Lest my concern be taken as mere narcissistic rumbling (scholars worried about the unfinished work of other scholars? Who cares?), let me offer a more pointed example. I have had occasion recently to have a series of discussions with archaeologists about their process of publication. Archaeological excavations generate reams of data. Locations of walls and strata changes need to be carefully noted and objects – especially the often enormous quantity of pottery sherds – each need to be carefully logged and catalogued. Pictures are taken. In the past, these records were kept in field notebooks and other written forms. At the end of an excavation, a final report is produced. The data upon which that report was produced were, ideally, filed away in a personal or institutional archive.
As with any scientific data, archaeological data are valuable. Other archaeologists use them to test the reconstructions and hypotheses. Later archaeologists frequently want to ask new questions of the older data. Since archaeology is by nature destructive, often all that remains of a site is whatever previous archaeologists chose to note.
Today, nearly all archaeological recording is done electronically. There is no single way that archaeologists do this recording. Some use off-the-shelf proprietary databases, others might create their own data managements systems. In any case, when the final report is completed and the excavation is wrapped up, all of that data goes… well, where exactly?
Unlike scientists, many archaeologists and humanists have not thought very hard about the preservation of digital data. Scientists routinely deposit their raw data in institutional repositories and are called upon to articulate their digital data management and preservation plan on many grant applications. The paths open to others are less clear.
Digital platforms offer many opportunities for archaeologists and other scholars who wish to more fully document their work. An archaeological report, for example, can be published online and linked with all of this raw data. A literary work can be linked to previous drafts. There are many fascinating attempts in the digital humanities to make the data and process behind completed works more transparent. Such projects, however, generally involve a significant investment of resources. It may be ideal but remains unrealistic to expect that every scholarly product will be disseminated with links to the raw data and process from which it emerged.

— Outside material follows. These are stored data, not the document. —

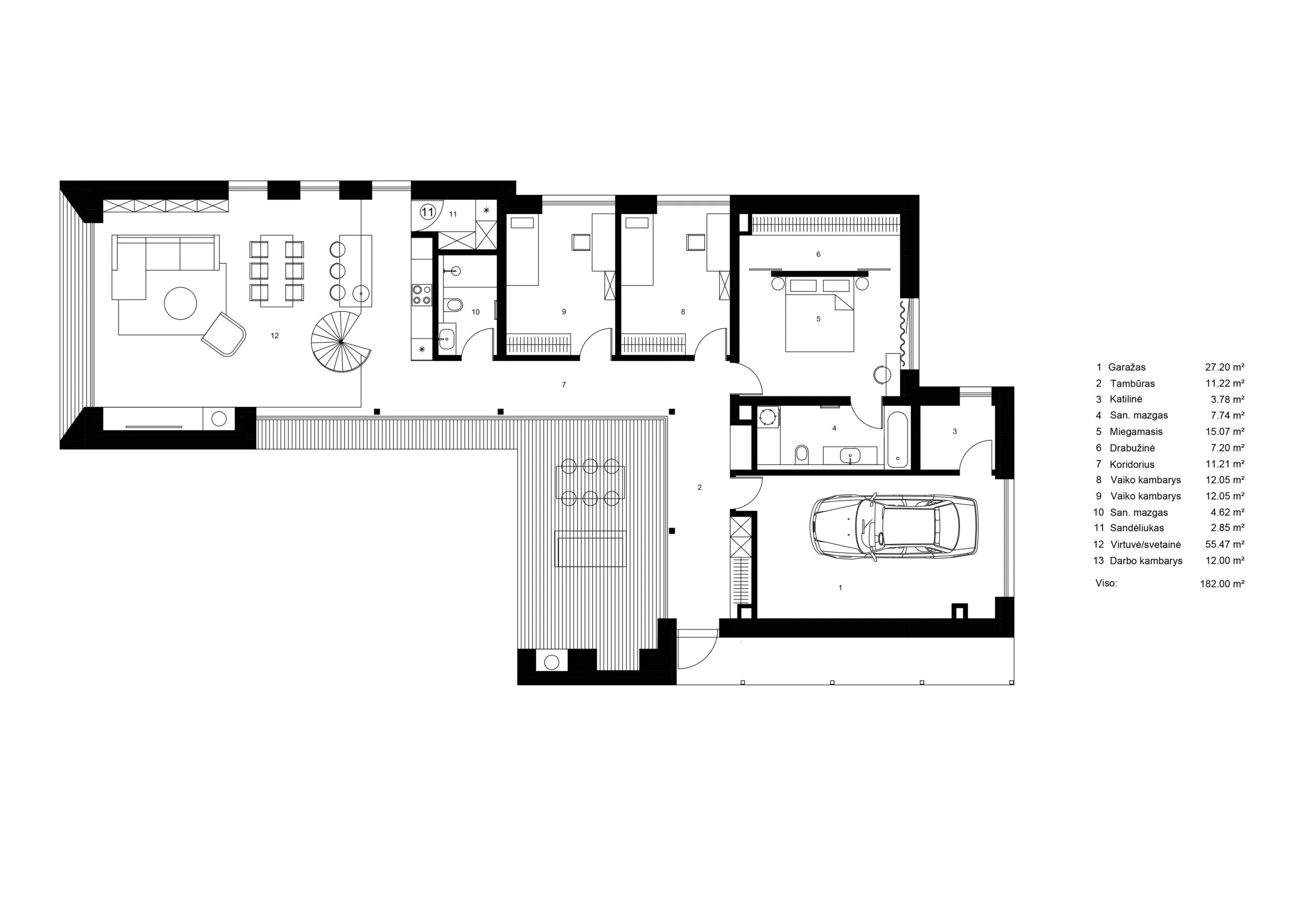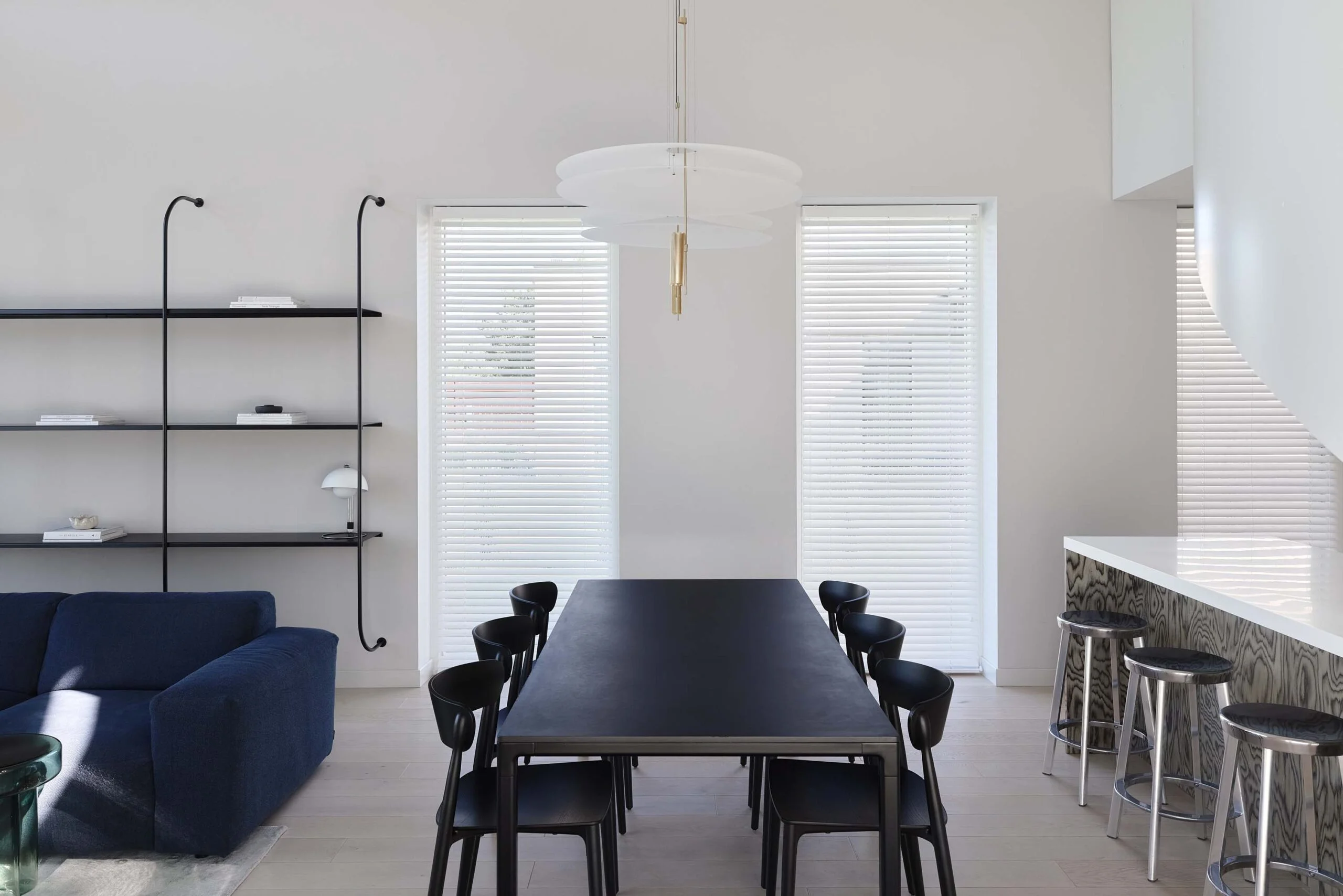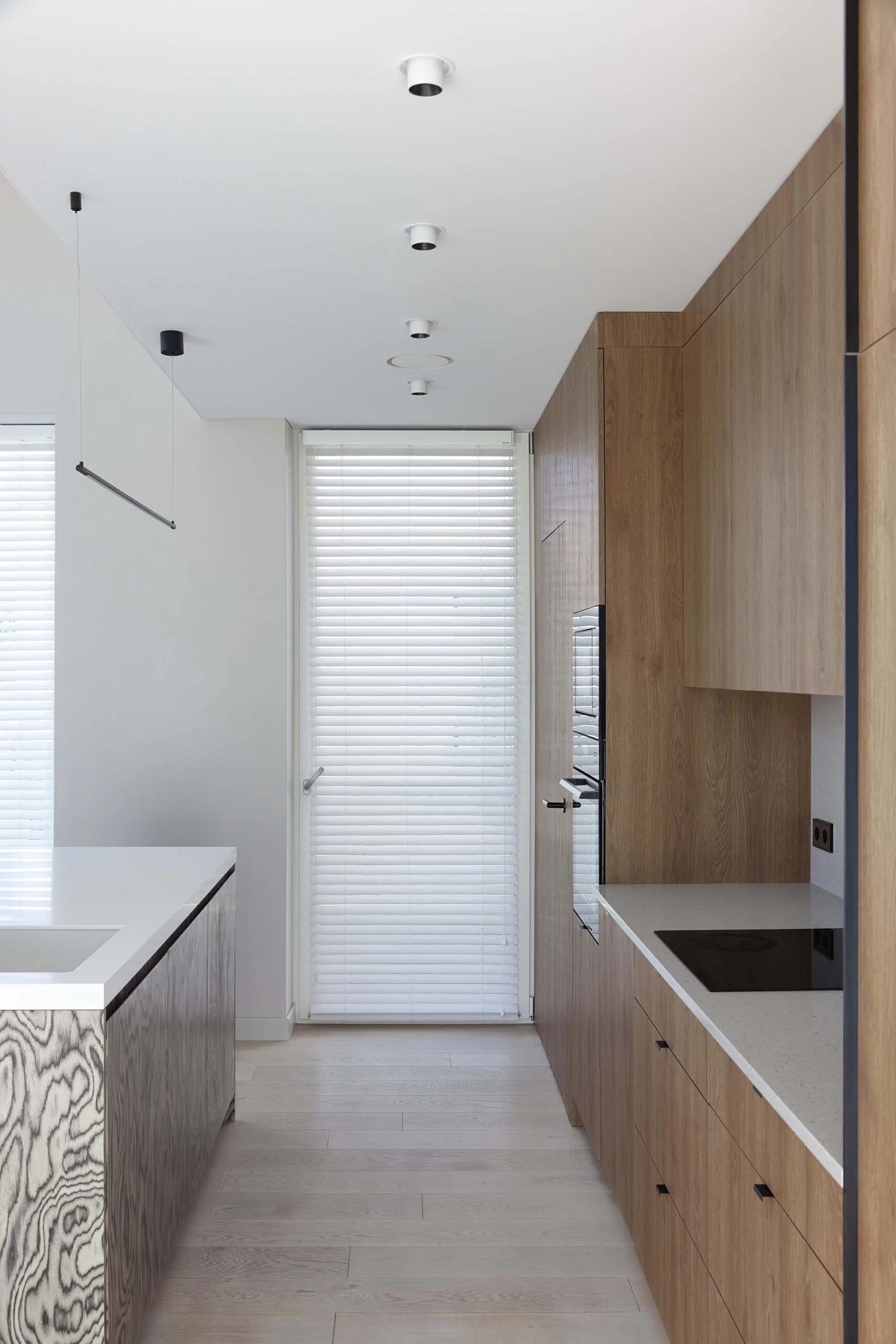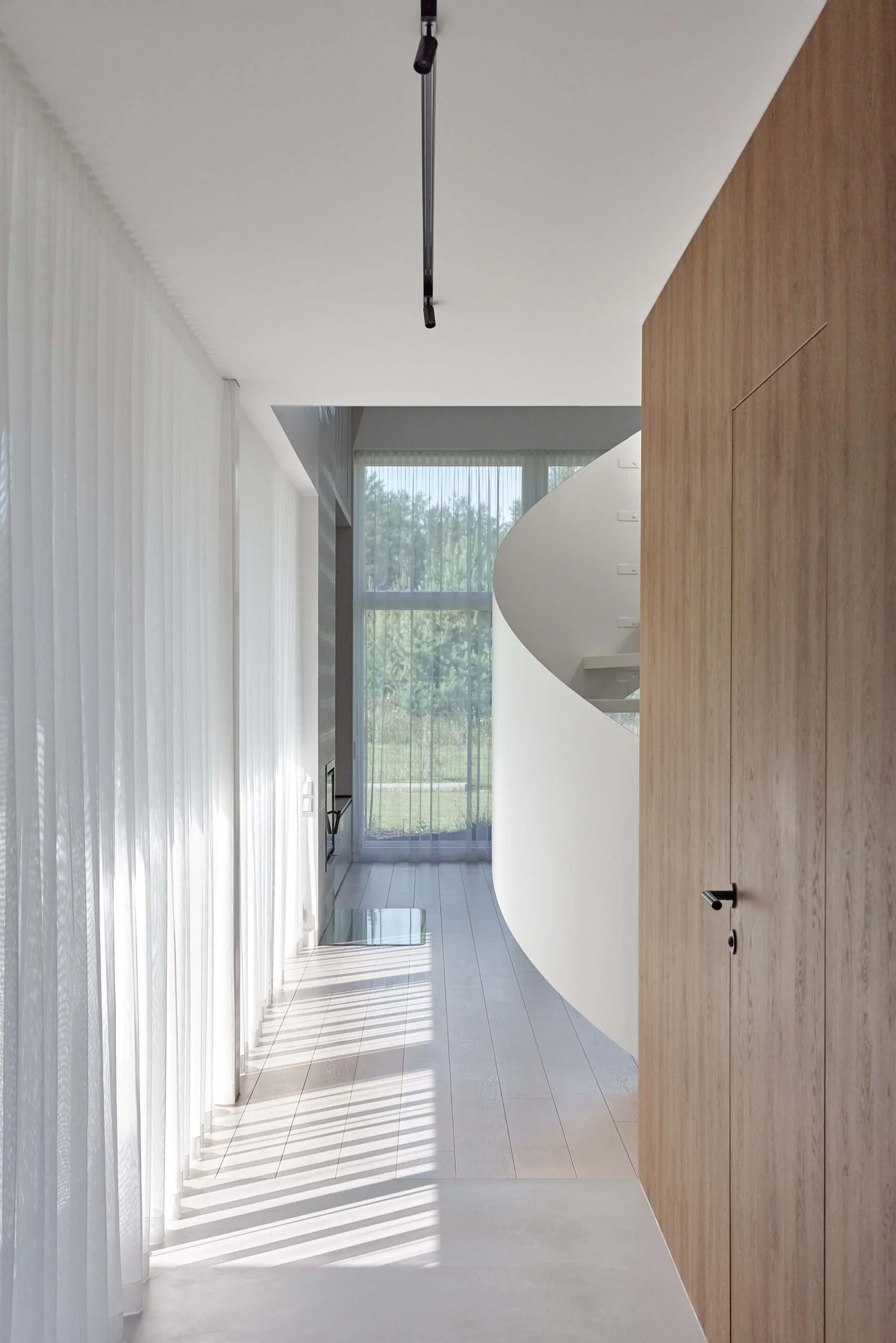 Interjeras organiškai papildo architektūrą – architektūrinė struktūra ir interjero sprendimai veikia kaip vientisa visuma, kurioje dera švara, estetika ir funkcionalumas.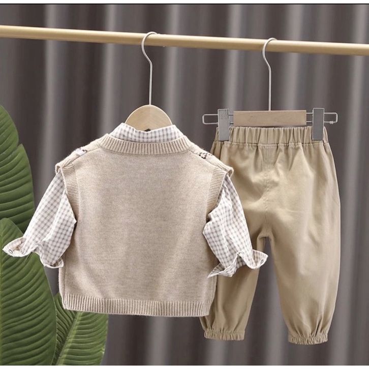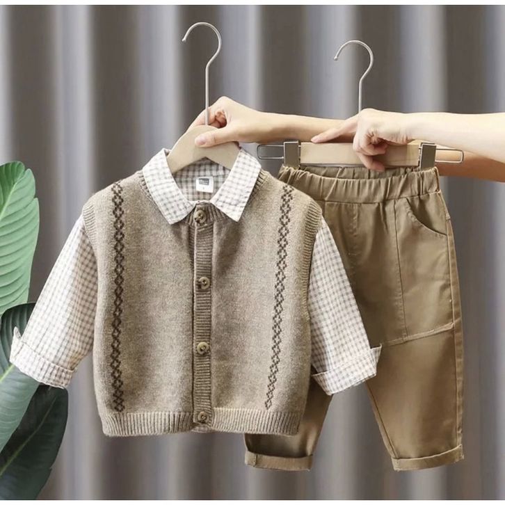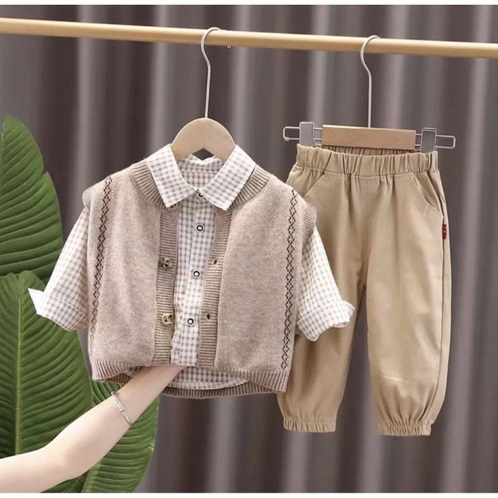 Setelan anak laki laki 1 tahun 2 tahun 3 tahun 4 tahun 5 tahun setelan kemeja celana anak 3 in 1 premium murah terbaru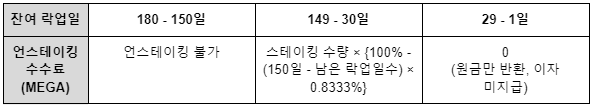* 언스테이킹 수수료는 잔여 락업일이 적을수록 선형적으로 감소합니다.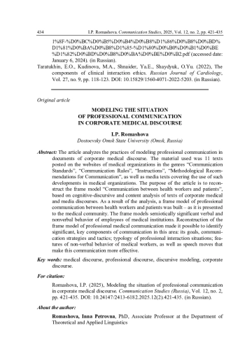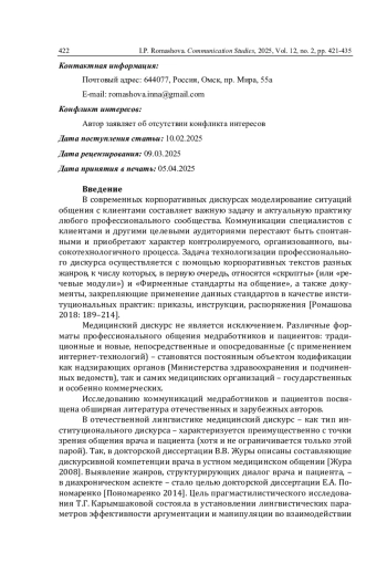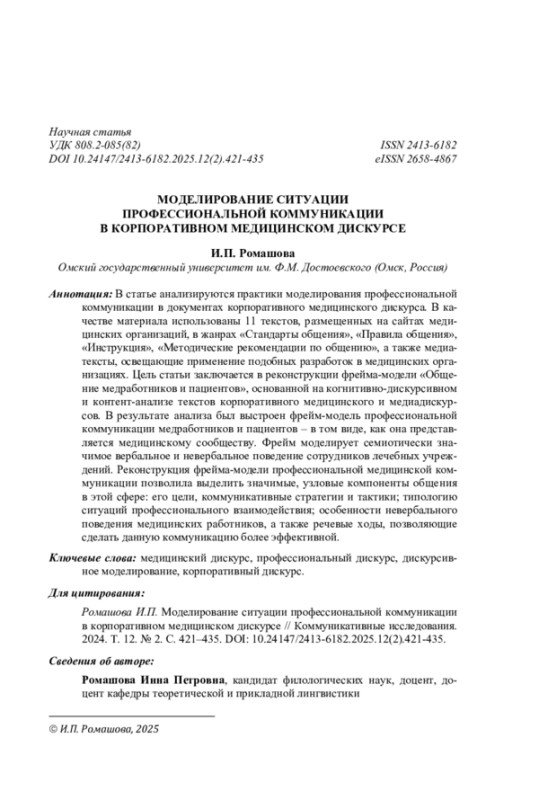В статье анализируются практики моделирования профессиональной коммуникации в документах корпоративного медицинского дискурса. В качестве материала использованы 11 текстов, размещенных на сайтах медицинских организаций, в жанрах «Стандарты общения», «Правила общения», «Инструкция», «Методические рекомендации по общению», а также медиатексты, освещающие применение подобных разработок в медицинских организациях. Цель статьи заключается в реконструкции фрейма-модели «Общение медработников и пациентов», основанной на когнитивно-дискурсивном и контент-анализе текстов корпоративного медицинского и медиадискурсов. В результате анализа был выстроен фрейм-модель профессиональной коммуникации медработников и пациентов - в том виде, как она представляется медицинскому сообществу. Фрейм моделирует семиотически значимое вербальное и невербальное поведение сотрудников лечебных учреждений. Реконструкция фрейма-модели профессиональной медицинской коммуникации позволила выделить значимые, узловые компоненты общения в этой сфере: его цели, коммуникативные стратегии и тактики; типологию ситуаций профессионального взаимодействия; особенности невербального поведения медицинских работников, а также речевые ходы, позволяющие сделать данную коммуникацию более эффективной
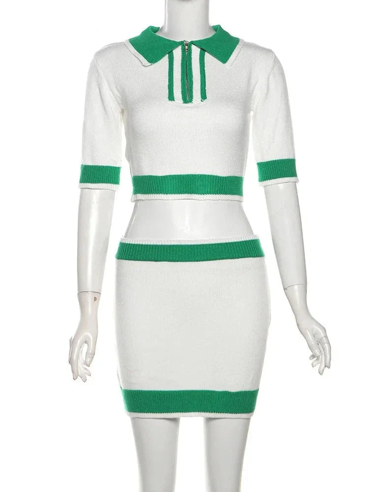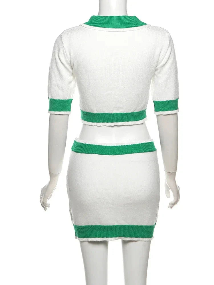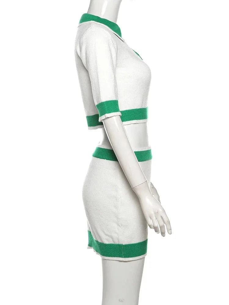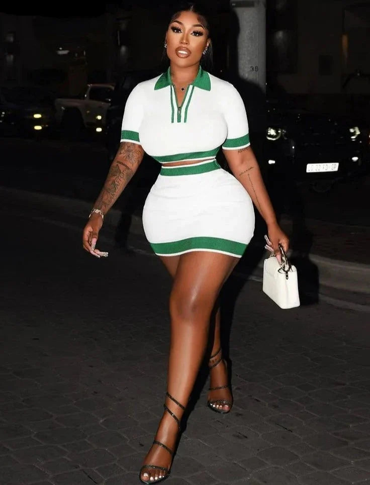 Your wardrobe wouldn't be complete without this Meant For You Green Collar Skirt Two Piece Set. you're sure to be earning all the style points. Brought to you in a green soft knitted material with a crop top collar design and a mini length high waisted skirt to match. this two-piece set just went straight to the top of your hit list! Style this matching set with some strappy heels and your favorite accessories to have all eyes on you.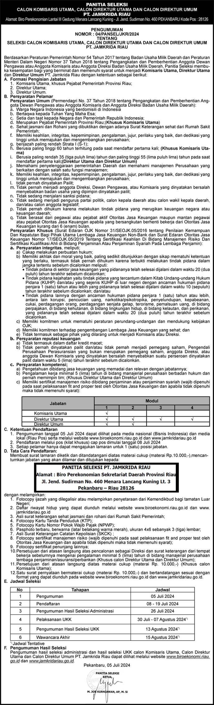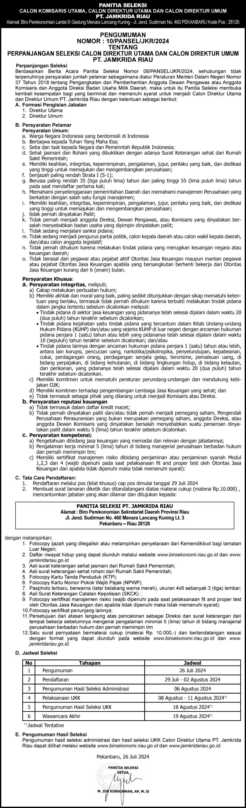 PERPANJANGAN PENGUMUMAN SELEKSI CALON DIREKTUR UTAMA DAN DIREKTUR UMUM PT. JAMKRIDA RIAU

It is with cases like scholarly archives and archaeological data that institutional digital depositories and digital commons provide a simple and inexpensive solution. Upon completion of a project (or a career) the entire archive of data can be converted to an accessible format (e.g., XML); bundled together with more or less organization; and then deposited. Each deposit receives a library (MARC) record, which makes it visible to the entire web (especially if the repository is part of the OCLC). One could imagine cases where someone might want to embargo these archives for a time (easy enough to do) but ordinarily such data would then be easy to locate and freely accessible.
The most involved part of this process would be conversion of data into a standard, open format such as XML. Most common proprietary programs (e.g., Microsoft Word), however, already have this capability. In other cases, the software that would perform this transformation is relatively easy and inexpensive to produce. The advantage of this conversion is that keeping the data in a simple, open access format allows future users to reconvert the data to whatever format they find most useful rather than forcing them to find the same proprietary program compatible with older data. The whole conversion process might take a few hours; the final step, for example, of wrapping up an excavation report. Scholars might bundle the XML folder of their work with their email and, voila, an archive is produced.
At worst, such a digital work would sit unaccessed and unused – hardly a unique situation for scholarly works or archives. Yet the costs, in time, money, and digital storage, are low (and continue to drop). It is time to think about digital preservation as a staple of our “best practices.”